Apple recently showed off a preview version of iOS 10 at a developers conference and as developers are wont to do they immediately hacked into the code to see what they could find inside. Many of them were very surprised to find that Apple had left the kernel of the OS unencrypted. Some were surprised enough that they assumed Apple had made a mistake.
As it turns out Apple intentionally, left the kernel of iOS 10 unencrypted and it did so for performance. “The kernel cache doesn’t contain any user info, and by unencrypting it we’re able to optimize the operating system’s performance without compromising security,” an Apple spokesperson told TechCrunch.
So there you have it, there is no personal information in the kernel and Apple saw no need to encrypt it. This is a first for Apple; in previous iterations of iOS, the kernel was encrypted. The kernel is the part of the OS that manages security and places limits on what hardware apps can access inside the device. By leaving the kernel unencrypted researchers and developers can now poke around in the deepest recesses under iOS’ hood.
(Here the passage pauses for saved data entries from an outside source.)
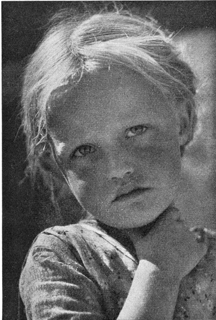
Lieb und verträumt

Hochzeitsfahrt zur Verfügung stellen. — Heiri stieg langsam und bedächtig im Schilthaus die Stiege hinauf. Vielfältige Erinnerungen und vielerlei Gedanken wirbelten ihm durch den Kopf. Und aus dem Herzen stieg die herrliche Freude, am glücklichen Ziel zu sein. Er klopfte bescheiden an die Türe. Die Magd öffnete einen schmalen
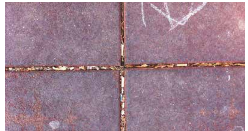
Imagen del suelo del Parque de La Cova Gran
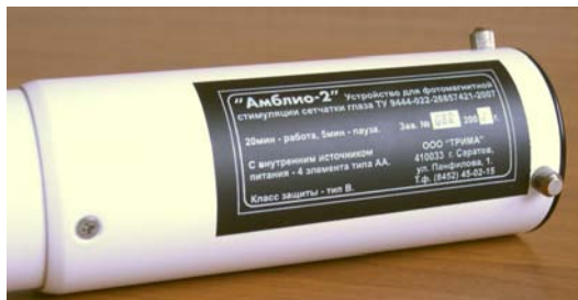
Рис.4. Расположение заводского шильдика на боковой поверхности устройства.

На боковой поверхности корпуса устройства ближе его задней крышке расположен заводской шильдик с названием устройства, серийным номером и годом выпуска (Рис.4).
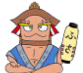
布佐地区キャラクター 「ふさだ だしお」
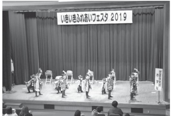
笠置保育所 舞台「なるこ」

今年度も「笠置さわやか会」と共同開催したところ参加者は約150人にのぼり、大盛況の1日となりました。
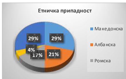
Графички приказ бр.1
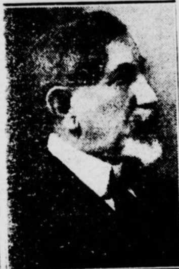
M. Charles MAURRAS

Aucun autre rapport n'a pu être obtenu du garde-côtes Itasca, concernant les lueurs observées. Son message fut intercepté par une station d'Honolulu qui s'est jointe à nombres d'autres qui sont constamment aux écoutes, dans l'espoir de capter enfin un appel de KHAQQ le signale attribué à Mlle Earhart.
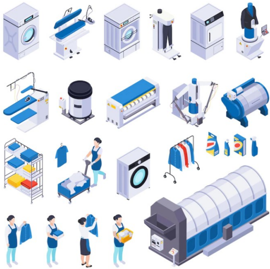
Wasserij wassen set isometrische pictogrammen met geïsoleerde menselijke karakters wasmachines wasmiddelen en rokplanken vectorillustratie | Gratis Vector (freepik.com)
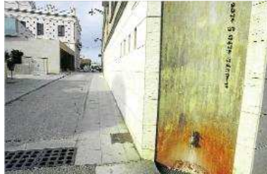
Una de les fonts d'aigua calenta que es troben al centre de Caldes.

Pel que fa als motius d'aquesta baixada del cabal de l'aigua termal, tot indica que el desplaçament dels canals naturals dels aqüífers és el que hauria provocat la baixada del cabal i des de Mines es destaca que sempre s'ha estat optimista perquè els dies posteriors al terratrèmol les anàlisis van detectar que hi havia molt diòxid de carboni (CO2) concentrat al subsòl i això provocava molta pressió i, en conseqüència, que l'aigua busqués una sortida, un punt a favor de Caldes ja que això, asseguren, indicava que els cabals es recuperarien. D'altra banda, des d'aquest ens remarquem que la documentació de més de 20 anys d'aquest jaciment termal els va tranquil·litzar perquè en d'altres episodis sísmics, esperant un cert temps, es va veure que els brolladors tornaven al seu cabal.
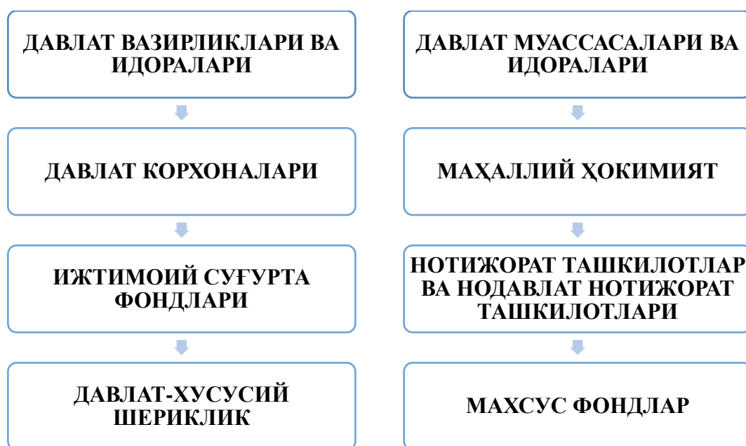
2-расм. Давлат бюджет ташкилотларининг умумий кўриниши

Бюджет ташкилотлари давлат секторида фаолият юритадиган ва давлат товарлари ва хизматларини етказиб бериш учун молиявий ресурсларни бошқариш ва улардан фойдаланиш учун масъул бўлган турли хил субъектларни ўз ичига олади.
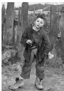
Ж. Бастьен-Лепаж «Нечего делать»

Some security researchers were so shocked that Apple left the kernel unencrypted, that they believed it was a mistake. “This would have been an incredibly glaring oversight, like forgetting to put doors on an elevator,” said iOS security expert Jonathan Zdziarski in an interview with MIT Technology Review. Letting researchers poke around under the hood could be a good thing allowing them to help Apple find holes in security and fix issues faster than was possible in the past. This is certainly the latest sign that Apple is moving towards being more transparent with security issues.